Though the Transparency Unit’s IT framework is technologically similar to WikiLeaks, Al Jazeera is integrating their own analysis of the raw (leaked) data and generating long-form journalism stories to couple with the public release. This “journalism of depth”, as Al Jazeera’s Director General's, Wadah Khanfar describes it, represents an important evolution in the role of news outlets who are working to support openness and transparency. While we should expect reporting on such a wide release of official documents (in much the same way that the original WikiLeaks release of 250,000 documents was combed over by numerous media outlets), two key differences are the ability of any news outlet to leverage WikiLeaks-type infrastructure to produce traditional investigative reporting at a much lower costs than before, and the speed with which leaked information can be collected, analyzed, aggregated, and disseminated.
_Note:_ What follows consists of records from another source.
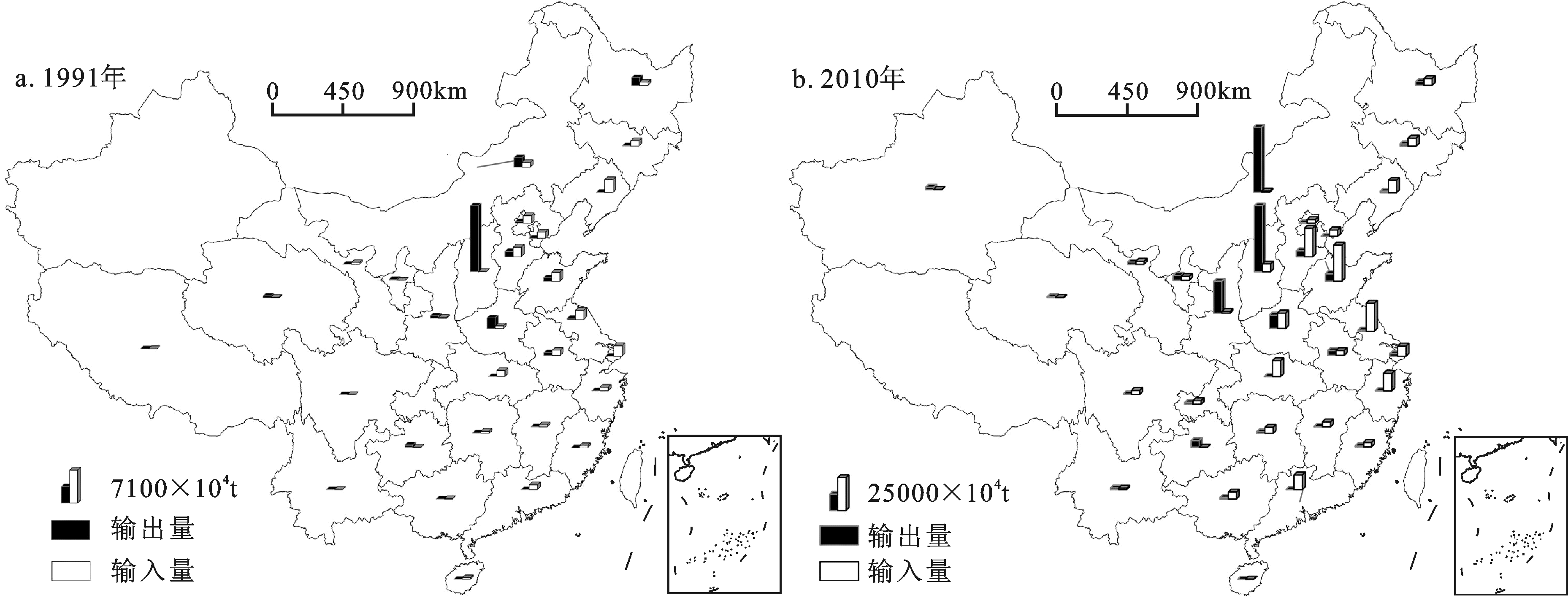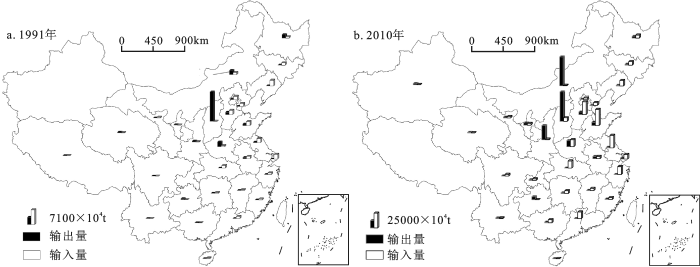 本文在从动态角度分析中国煤炭资源流源、汇地空间格局演变特征的同时,采用统计地图较为直观地从静态层面展示中国煤炭资源流源、汇地空间格局形态及其特征。根据各省份煤炭输出量和输入量(单位:104t)绘制中国煤炭资源流1991年和2010年源、汇地统计地图(图4)。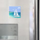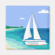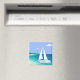 Monogram Sailboat Côtier Tropical Beach Magnet. Un voilier avec votre nom sur elle s'approche d'une plage. Vue sur la mer tropicale. Bleu, turquoise, mousse de mer, turquoise, vert, blanc.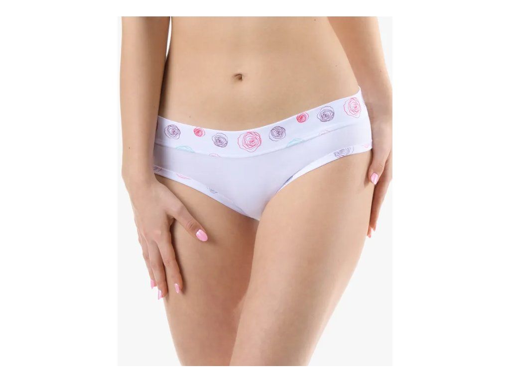 Bokové kalhotky francouzského střihu se širokým bokem a širším pasovým lemem, dámské šité prádlo. Pasový kraj je začištěný širším lemem ze stejného materiálu. Nohavičky jsou začištěné úzkým lemem ze stejného materiálu. Lemy v pase a v nohavičkách jsou potištěné, přední a zadní díl je jednobarevný.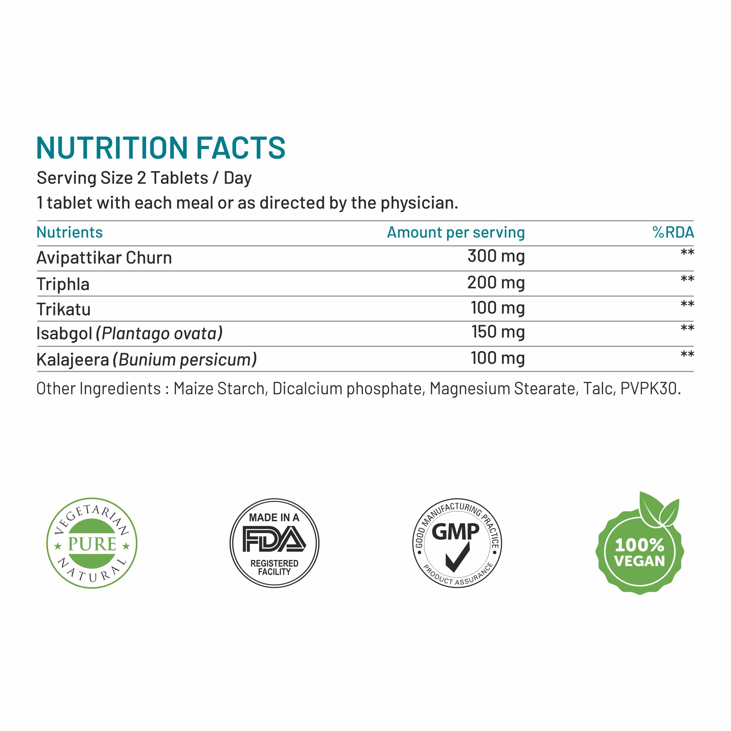HELP IMPROVE GUT HEALTH: High Potency Ayurvedic ingredients like Triphala Trikatu Isabgol Avipattikar Churn & Kalajeera extracts help improve digestion & aid against bloating and heaviness.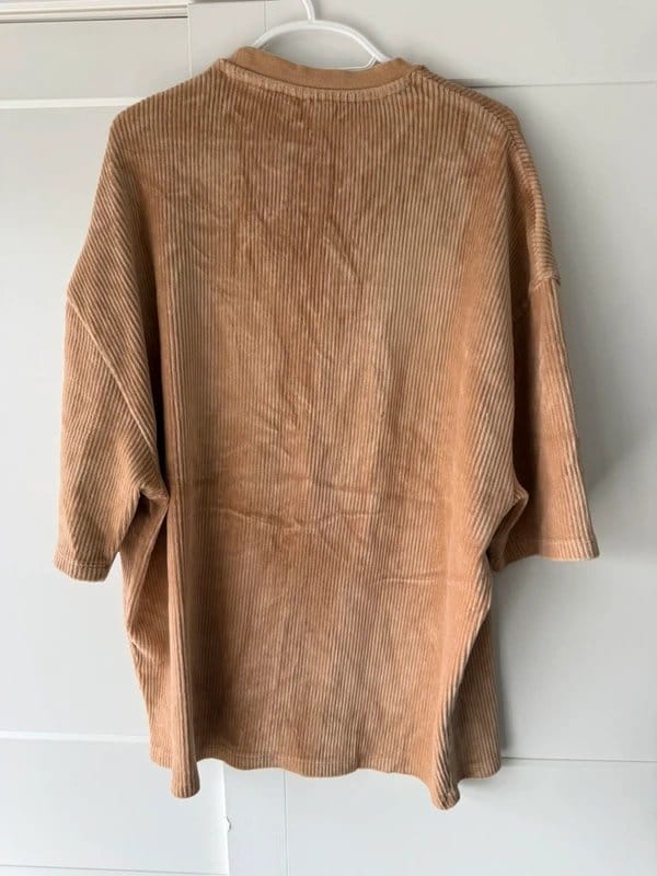 The ASOS Design Beige Cord T-Shirt is made from corduroy.

Recently OTI technologists were invited to meet with the Transparency Unit journalists and technologists to review the project's technical framework. OTI’s goals were to take a top down look at the initiative’s infrastructure and provide suggestions on how to support openness and transparency using open technologies, all while protecting whistleblowers’ privacy. Specifically, OTI focused on protecting the integrity of submitted information while ensuring proper separation and safeguards between the Transparency Unit’s public-facing infrastructure and Al Jazeera’s general IT networks. As more global media outlets begin to focus on this intersection of technology and journalism, OTI will continue to work with these new projects to assist with their technical due diligence.
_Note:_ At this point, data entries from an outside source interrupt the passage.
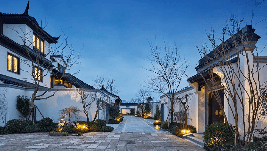 江南水乡风貌:地处江南水乡平原,周边河流环绕、水系纵横,保留了典型的江南水乡景观,白墙黛瓦、飞檐游廊的中式院落与自然环境相得益彰,营造出诗意栖居的氛围。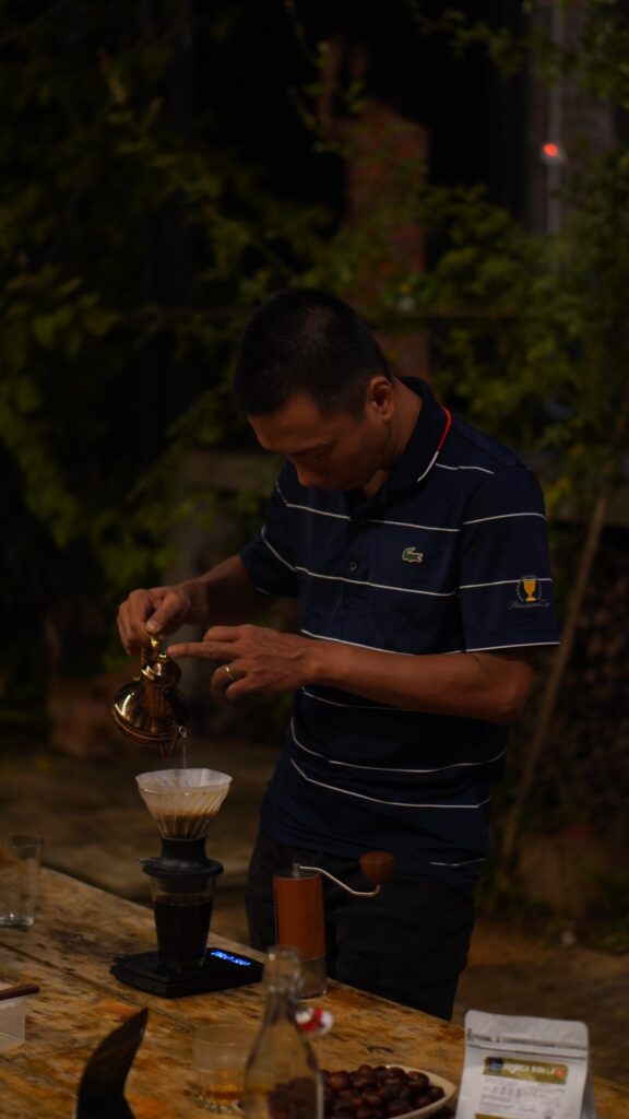 Từ những mẻ rang thủ công đến từng chuyển động pha chế chính xác, mỗi bước trong quy trình đều được thực hiện với sự tôn trọng hương vị tự nhiên. Đó là hành trình để hạt cà phê bộc lộ tính cách riêng và trở thành tách cà phê tròn đầy bạn thưởng thức hôm nay.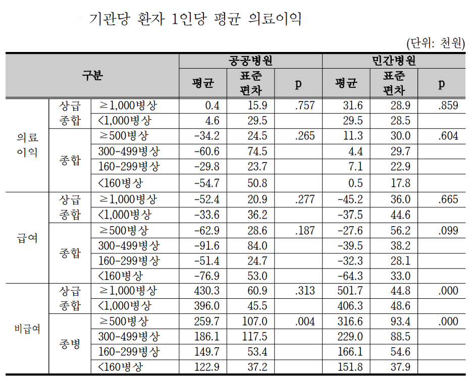 ¿¬±¸ÆÀÀº “°Ç°º¸Çè±Þ¿© Áø·á·®Àº 1000º´»óÀ̻󿡼´Â ¹Î°£º´¿ø, 1000º´»ó¹Ì¸¸¿¡¼´Â °ø°øº´¿ø¿¡¼ ´õ ¸¹¾ÒÀ¸¸ç, ºñ±Þ¿© Áø·á·®Àº º´»ó±Ô¸ð¿¡ »ó°ü¾øÀÌ ¹Î°£º´¿øÀÌ °ø°øº´¿øº¸´Ù ¸¹Àº °ÍÀ¸·Î ³ªÅ¸³µ´Ù”°í ¼³¸íÇß´Ù.

Like any powerful tool the technologies used by WikiLeaks and Al Jazeera create a Faustian bargain. Along with all the benefits that sunlight provides, there is also a darker side that must be addressed. A lack of institutional privacy may lead to practices where less and less sensitive information is documented, thus undermining transparency and accountability. Within today’s “publish or die” media, one can imagine a near-future where whistleblowers, rather than working for weeks or months with a single news outlet, deliver massive quantities of data to numerous outlets who then strive to be the first to publish. Within such an environment, careful vetting of information will increasingly take a back seat to expediency, laying the foundation for potentially explosive situations where the public identification and naming of malefactors and innocents alike becomes normative.

For WikiLeaks, the writing may already be on the wall -- it has a direct competitor in OpenLeaks, and the critical innovation that defined its success -- a digital dropbox -- has already been copied by one leading media broadcaster. And while imitation may be the sincerest form of flattery, the continuing importance of any single whistleblower website will diminish as multiple WikiLeaks-esque platforms are developed. In the interim, we should applaud the new-found power and protections afforded whistleblowers by these new technologies, but must also go forward knowing the advantages and disadvantages of a world where radical transparency happens irregardless of the sensitivity or repercussions of the information disclosed.